# YOUR GOAL
Print the records below exactly, omitting all pictures.

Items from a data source
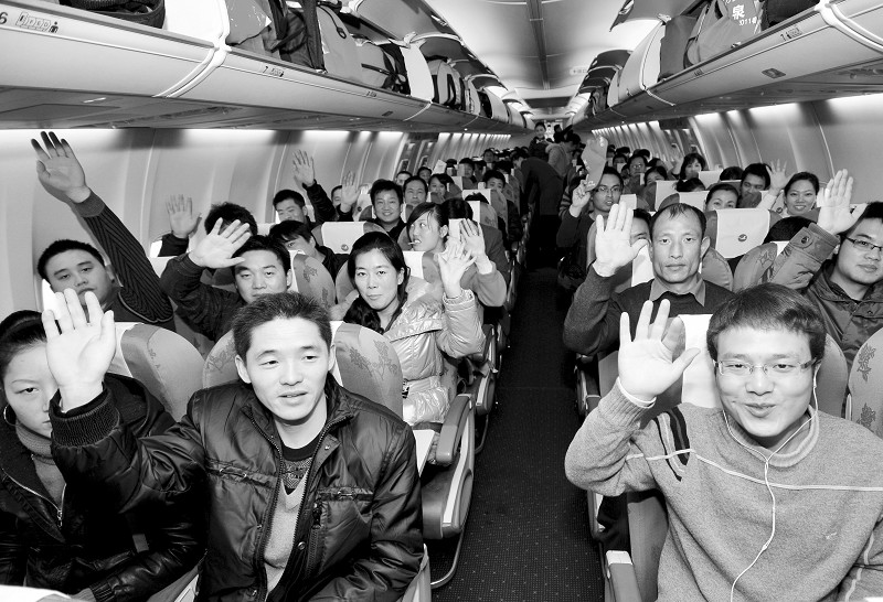 1月27日,近50名四川籍外来务工人员搭乘厦航MF8447航班从泉州机场顺利踏上归乡之旅。据了解,2011年春运期间,泉州市工会组织通过“包专车、包专机、包专列”三包活动,帮助农民工返乡。 (新华社发)
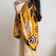 Bufanda de gasa con estampado de coco de estilo europeo y americano, nueva bufanda larga de alta gama con protección solar y seda sintética que combina con todo.
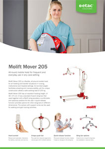 All-round mobile hoist for frequent and everyday use in any care setting Molift Mover 205 is a flexible, all-around mobile hoist for all hoisting and transfer situations in nursing, institutional and hospital settings. Its low total weight facilitates wheeling and manoeuvrability, yet the unique construction allows a safe working load of 205 kg. Excellent reach, low and high Molift Mover 205 has an excellent hoisting height, of 30–171 cm. It has a standard 4-point sling bar that used together with a Molift sling provides a comfortable and spacious position for the user. A quick-release function provides options for other sling bars in different dimensions. The version with support arms can be used for walking and gait training activities. Ergonomic handling The Molift Mover 205 is equipped with Molift’s unique push bar that provides multiple and flexible grip possibilities for improved caregiver ergonomics. Molift Service Tool Like all Molift hoists, it is equipped with a unique service notification system that notifies when service is required. The integrated service software can also display data about hoist usage and can assist service technicians in troubleshooting. Additionally, the hoist is equipped with Bluetooth connectivity, enabling wireless connection to Molift Service Tool. |
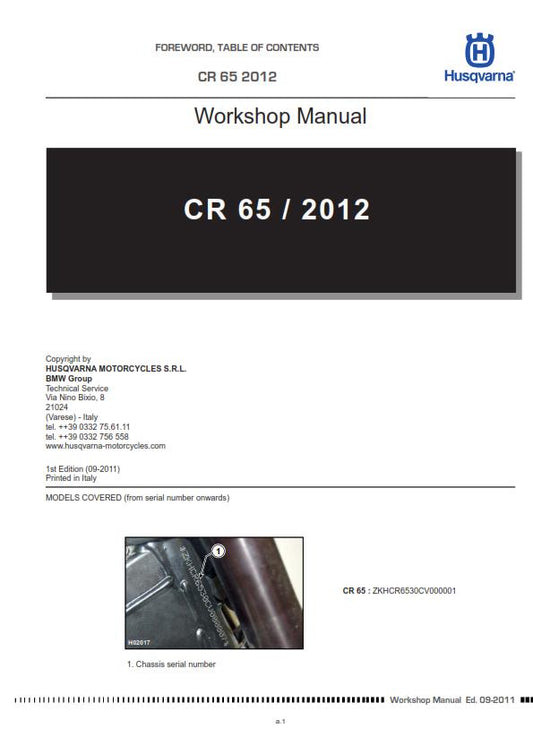 HUSQVARNA CR65 CR 65 2012 REPAIR WORKSHOP SERVICE MANUAL REPRINTED COMB BOUND
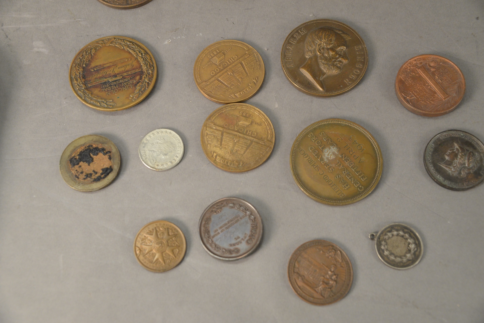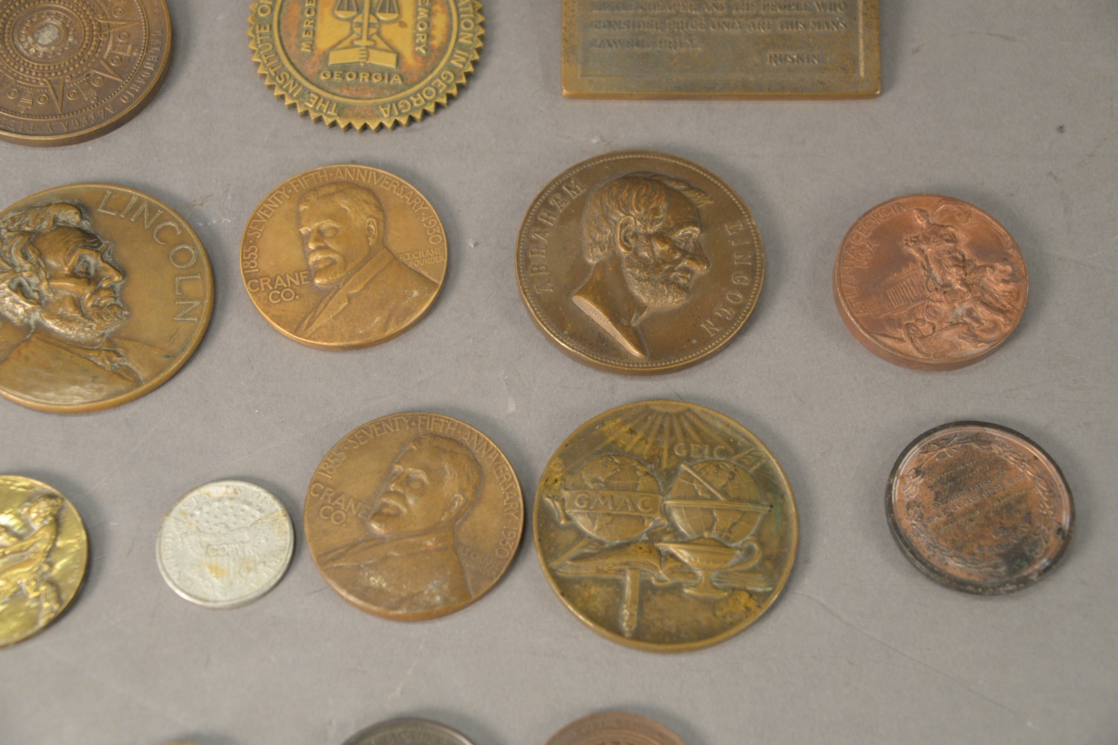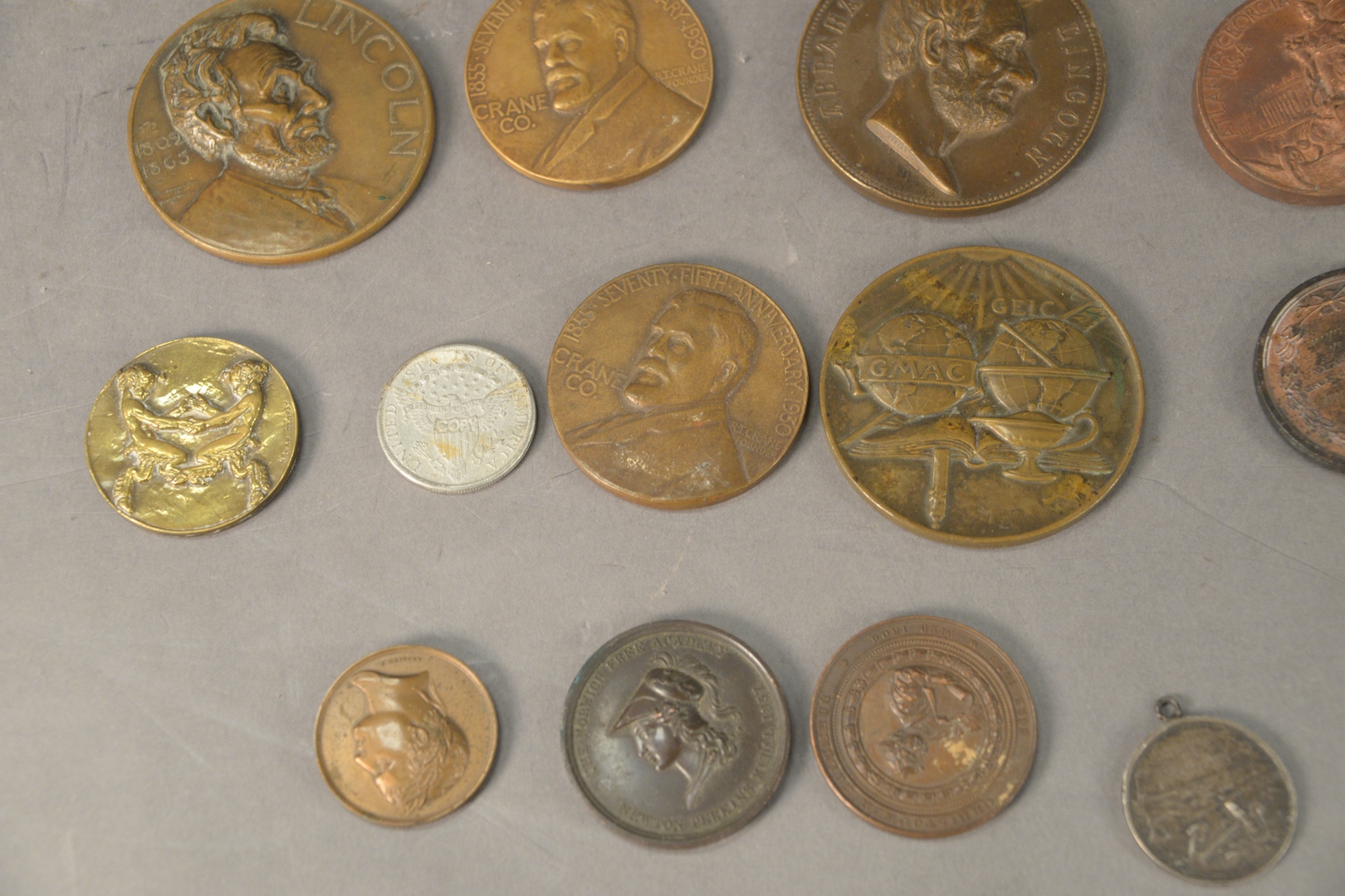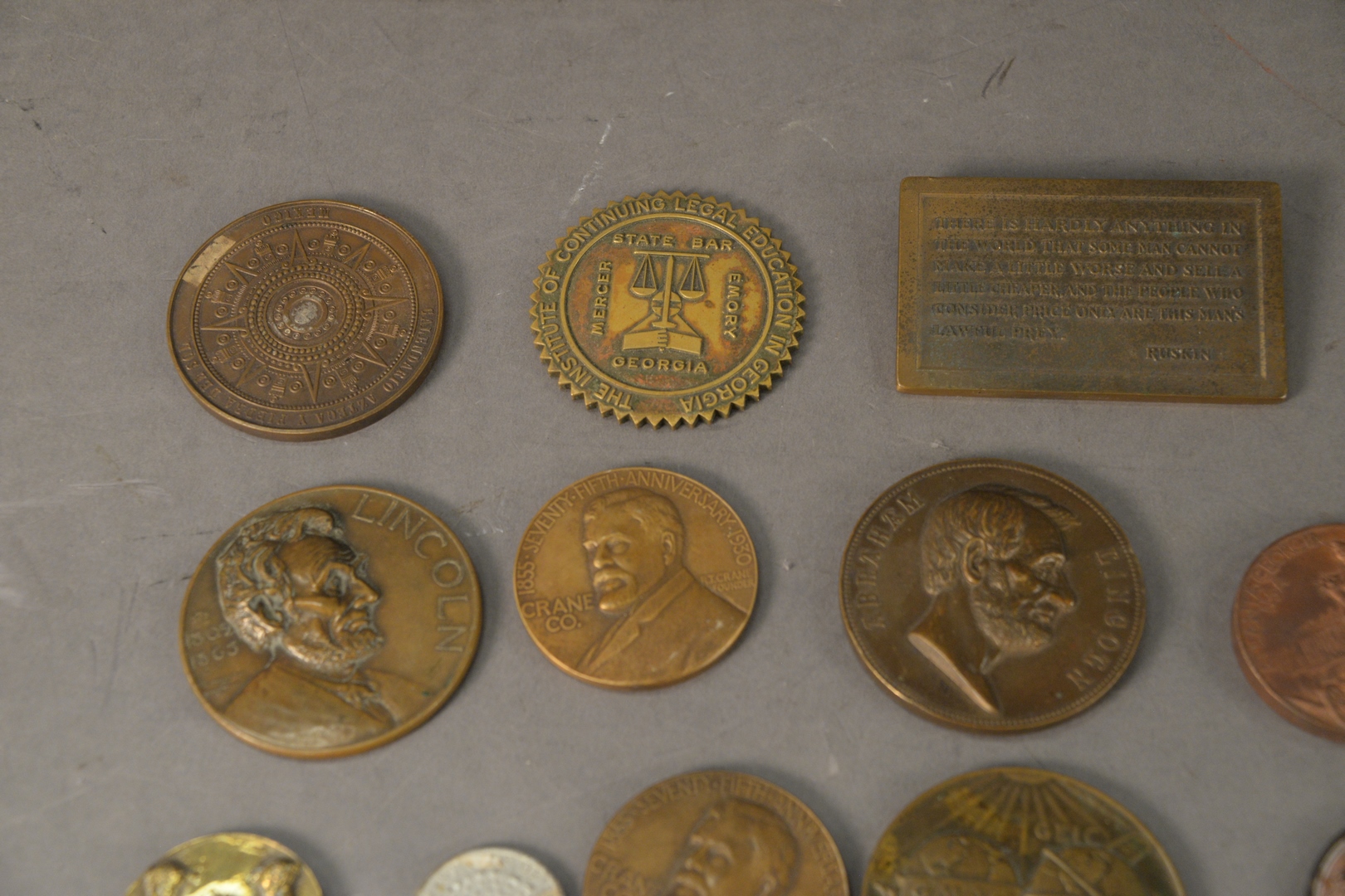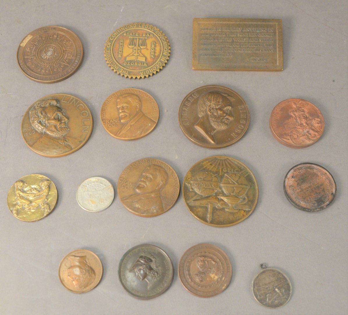 Lot 881: Group of Sixteen Plaques and Medals, to include Lincoln, Crane Company, Mexico, etc., 1 1/2 – 3 inches.

# SOLUTION TO THIS PROBLEM
 1月27日,近50名四川籍外来务工人员搭乘厦航MF8447航班从泉州机场顺利踏上归乡之旅。据了解,2011年春运期间,泉州市工会组织通过“包专车、包专机、包专列”三包活动,帮助农民工返乡。 (新华社发)
 Bufanda de gasa con estampado de coco de estilo europeo y americano, nueva bufanda larga de alta gama con protección solar y seda sintética que combina con todo.
 All-round mobile hoist for frequent and everyday use in any care setting Molift Mover 205 is a flexible, all-around mobile hoist for all hoisting and transfer situations in nursing, institutional and hospital settings. Its low total weight facilitates wheeling and manoeuvrability, yet the unique construction allows a safe working load of 205 kg. Excellent reach, low and high Molift Mover 205 has an excellent hoisting height, of 30–171 cm. It has a standard 4-point sling bar that used together with a Molift sling provides a comfortable and spacious position for the user. A quick-release function provides options for other sling bars in different dimensions. The version with support arms can be used for walking and gait training activities. Ergonomic handling The Molift Mover 205 is equipped with Molift’s unique push bar that provides multiple and flexible grip possibilities for improved caregiver ergonomics. Molift Service Tool Like all Molift hoists, it is equipped with a unique service notification system that notifies when service is required. The integrated service software can also display data about hoist usage and can assist service technicians in troubleshooting. Additionally, the hoist is equipped with Bluetooth connectivity, enabling wireless connection to Molift Service Tool. |
 HUSQVARNA CR65 CR 65 2012 REPAIR WORKSHOP SERVICE MANUAL REPRINTED COMB BOUND
 Lot 881: Group of Sixteen Plaques and Medals, to include Lincoln, Crane Company, Mexico, etc., 1 1/2 – 3 inches.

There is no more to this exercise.